Data provided:
******
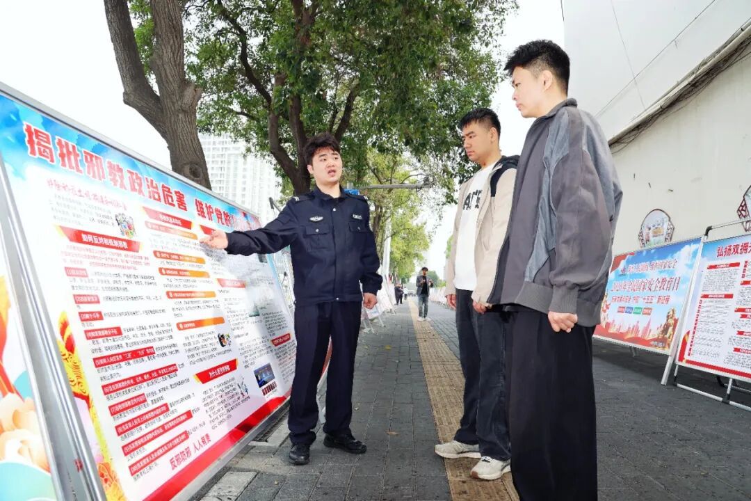 4月15日上午,分局组织民辅警参加了在卧龙区文化路举办的全民国家安全教育日集中宣传活动,活动现场,通过摆放宣传展板、悬挂宣传横幅、发放宣传手册、面对面讲解等方式,民警用通俗易懂的语言向群众讲解总体国家安全观内涵及相关领域知识,同时,结合公安机关职能,宣讲民警重点围绕反邪教、网络安全、防范个人信息泄露等内容,向过往群众普及《中华人民共和国数据安全法》等国家安全相关法律法规,讲解反诈防毒、网络安全、反对邪教、反恐防控等实用知识,深刻揭批邪教的骗人伎俩、现实危害及政治本质。
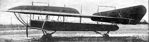 A 1920 experimental single place, open cockpit mid-wing monoplane with wings mounted in a folded-back manner above two outboard 7′ propellers, shaft-driven by a 90hp Maximotor (later replaced by 300hp Hisso).
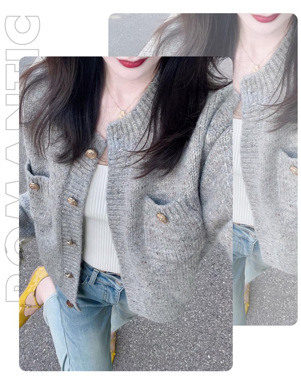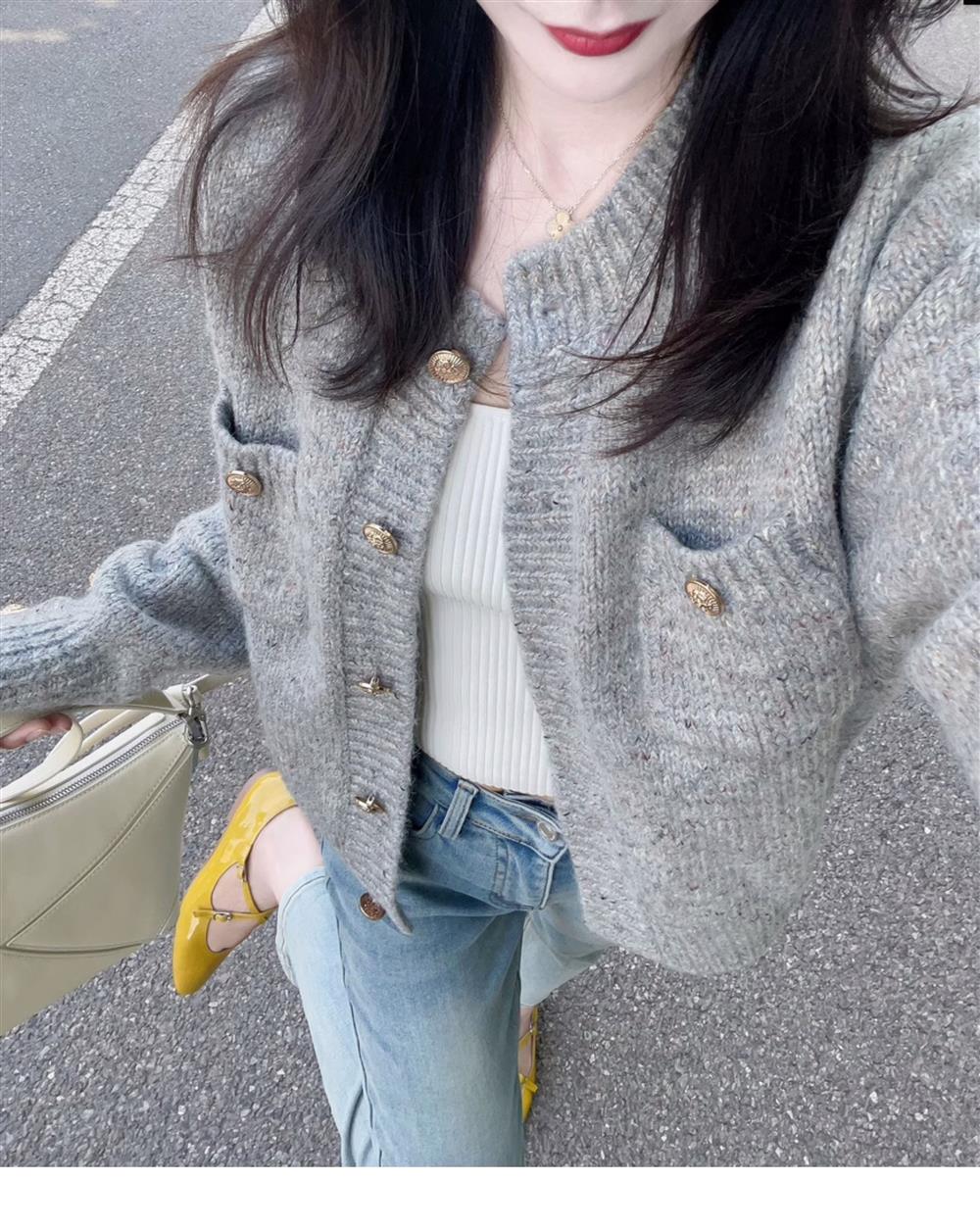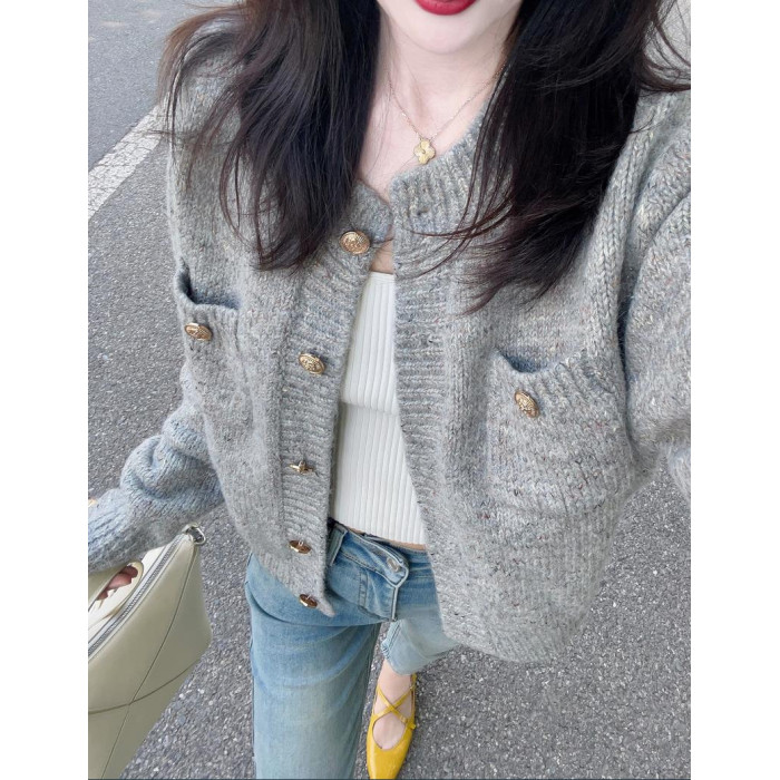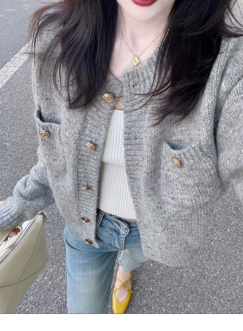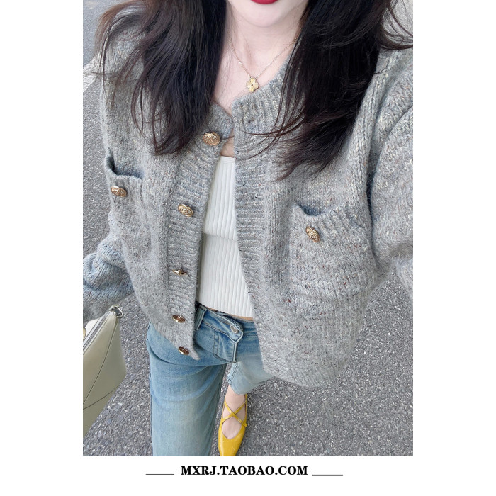 MXRJ秋季2023新款小香風針織外套女毛衣慵懶風高級感軟糯氣質上衣
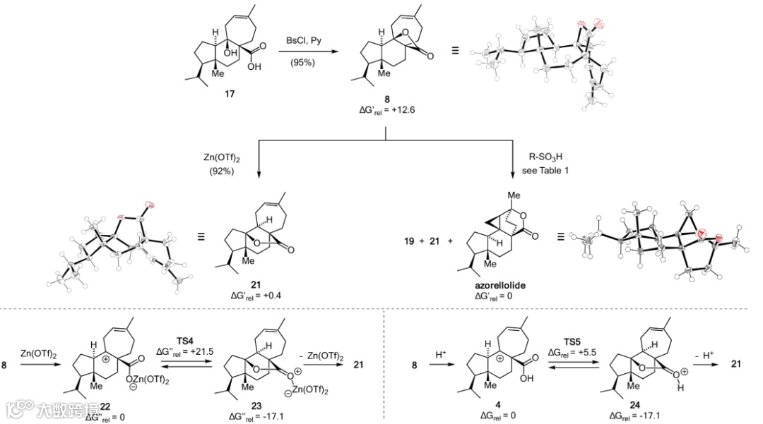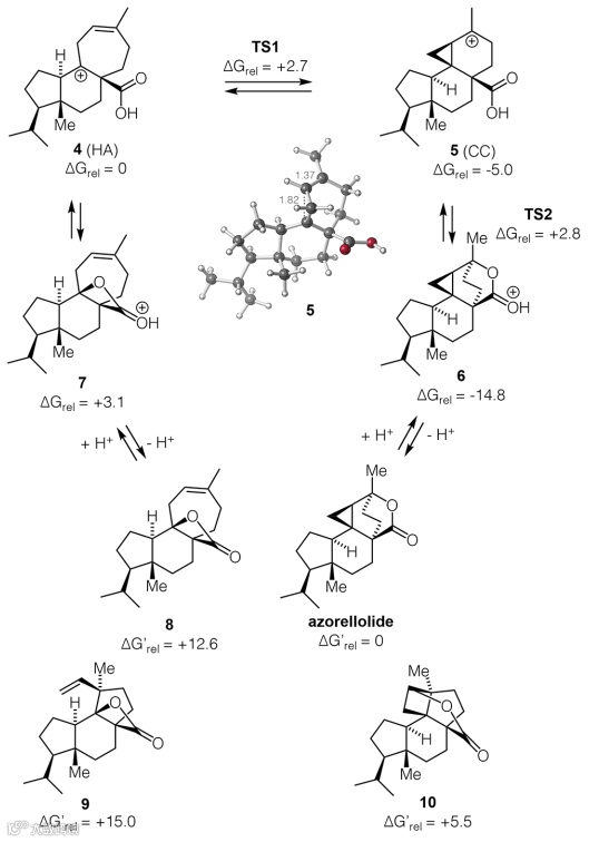 )可将azorellolide的分离产率提高至48%(51% BRSM)。最后,作者借助量子力学计算来解释这些结果(图5)。对于质子和Lewis酸促进的重排,预计初始开环至
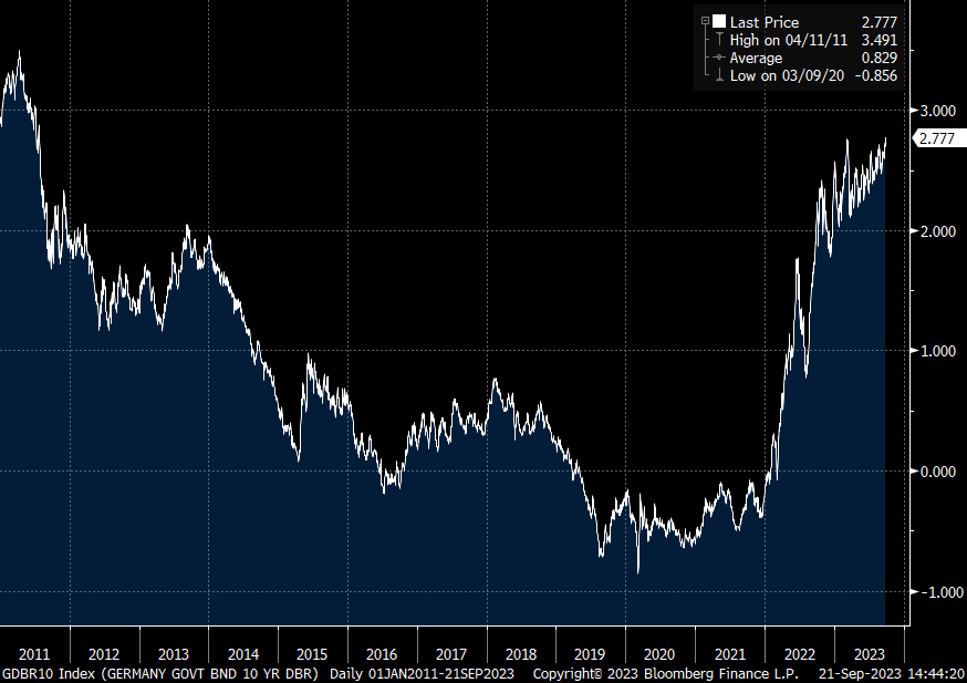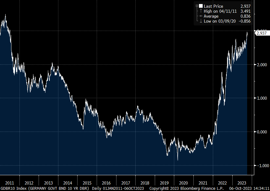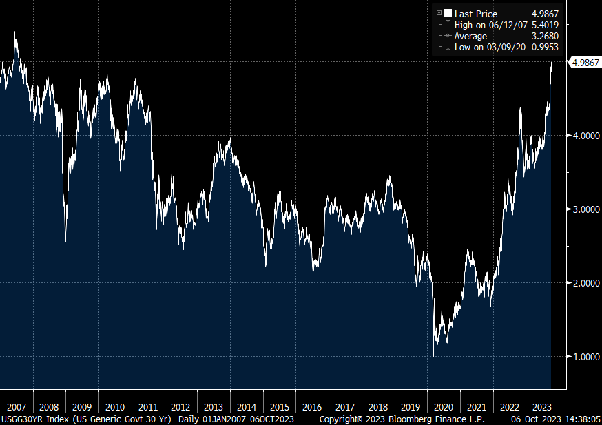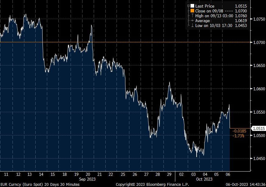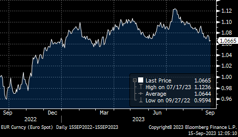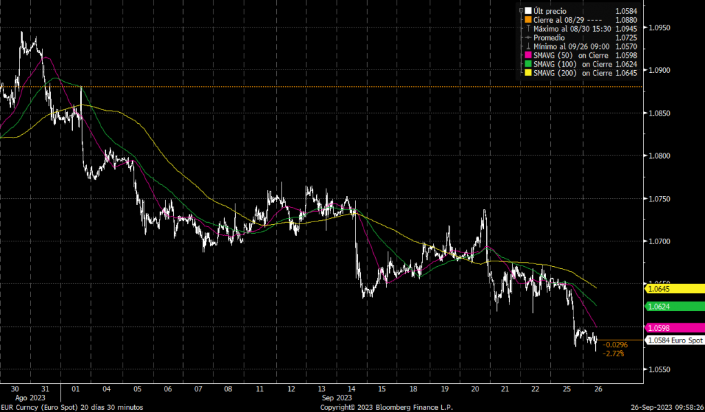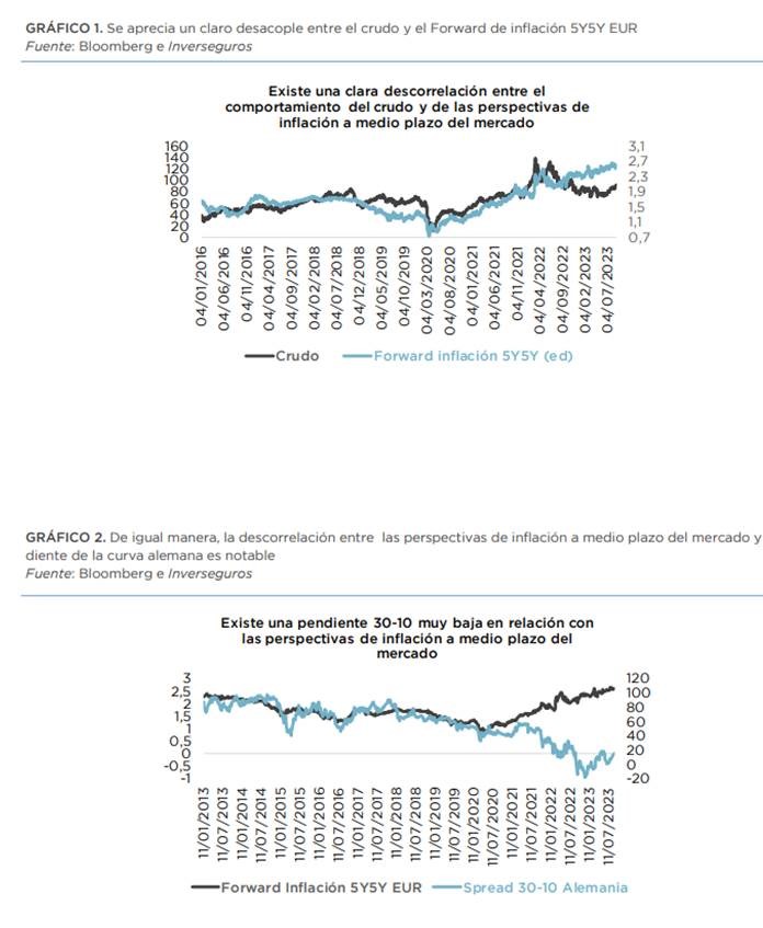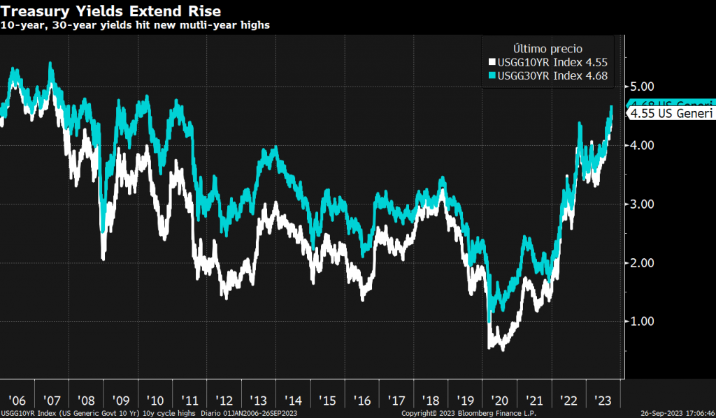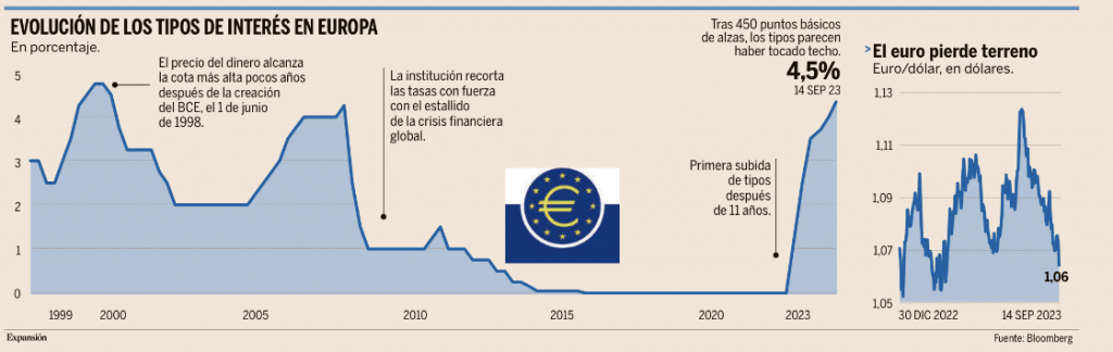 Esta semana el bono a 10 años americano ha llegado a tocar el nivel del 5,01%, su nivel más alto desde julio de 2007, extendiendo una constante reevaluación de la deuda del gobierno impulsada por datos económicos mejores de lo esperado y los vastos planes de endeudamiento que planea el gobierno de los Estados Unidos. Los bonos del Tesoro a largo plazo han aumentado sus rentabilidades desde que la Fed indicó en el denominado «punto de los puntos» de su reunión de septiembre, que los funcionarios esperaban un camino más lento hacia recortes en los tipos de interés en 2024 y 2025. El lunes varias declaraciones de inversores como Bill Ackman o Bill Gross señalaron que habían cerrado sus posiciones cortas en los bonos a más largo plazo ante la expectativa de fuerte desaceleración de la economía americana a final de año, y eso hizo que el precio de los mismos subiese y el bono a 10 años volvió a niveles del 4,80%. El movimiento tan fuerte del bono hizo que el euro ganase terreno frente al dólar, y se vaya a niveles por encima del 1,065. Bill Ackman, fundador de Pershing Square Capital Management, comentó “cubrimos nuestras posiciones cortas en bonos” “hay demasiado riesgo en el mundo para permanecer corto de bonos a los tipos actuales” “la economía se está ralentizando más rápido de lo que los datos sugieren”.
******
Every line above is to be duplicated exactly; no picture should be carried over.

Result of this exercise:
 4月15日上午,分局组织民辅警参加了在卧龙区文化路举办的全民国家安全教育日集中宣传活动,活动现场,通过摆放宣传展板、悬挂宣传横幅、发放宣传手册、面对面讲解等方式,民警用通俗易懂的语言向群众讲解总体国家安全观内涵及相关领域知识,同时,结合公安机关职能,宣讲民警重点围绕反邪教、网络安全、防范个人信息泄露等内容,向过往群众普及《中华人民共和国数据安全法》等国家安全相关法律法规,讲解反诈防毒、网络安全、反对邪教、反恐防控等实用知识,深刻揭批邪教的骗人伎俩、现实危害及政治本质。
 A 1920 experimental single place, open cockpit mid-wing monoplane with wings mounted in a folded-back manner above two outboard 7′ propellers, shaft-driven by a 90hp Maximotor (later replaced by 300hp Hisso).
 MXRJ秋季2023新款小香風針織外套女毛衣慵懶風高級感軟糯氣質上衣
 )可将azorellolide的分离产率提高至48%(51% BRSM)。最后,作者借助量子力学计算来解释这些结果(图5)。对于质子和Lewis酸促进的重排,预计初始开环至
 Esta semana el bono a 10 años americano ha llegado a tocar el nivel del 5,01%, su nivel más alto desde julio de 2007, extendiendo una constante reevaluación de la deuda del gobierno impulsada por datos económicos mejores de lo esperado y los vastos planes de endeudamiento que planea el gobierno de los Estados Unidos. Los bonos del Tesoro a largo plazo han aumentado sus rentabilidades desde que la Fed indicó en el denominado «punto de los puntos» de su reunión de septiembre, que los funcionarios esperaban un camino más lento hacia recortes en los tipos de interés en 2024 y 2025. El lunes varias declaraciones de inversores como Bill Ackman o Bill Gross señalaron que habían cerrado sus posiciones cortas en los bonos a más largo plazo ante la expectativa de fuerte desaceleración de la economía americana a final de año, y eso hizo que el precio de los mismos subiese y el bono a 10 años volvió a niveles del 4,80%. El movimiento tan fuerte del bono hizo que el euro ganase terreno frente al dólar, y se vaya a niveles por encima del 1,065. Bill Ackman, fundador de Pershing Square Capital Management, comentó “cubrimos nuestras posiciones cortas en bonos” “hay demasiado riesgo en el mundo para permanecer corto de bonos a los tipos actuales” “la economía se está ralentizando más rápido de lo que los datos sugieren”.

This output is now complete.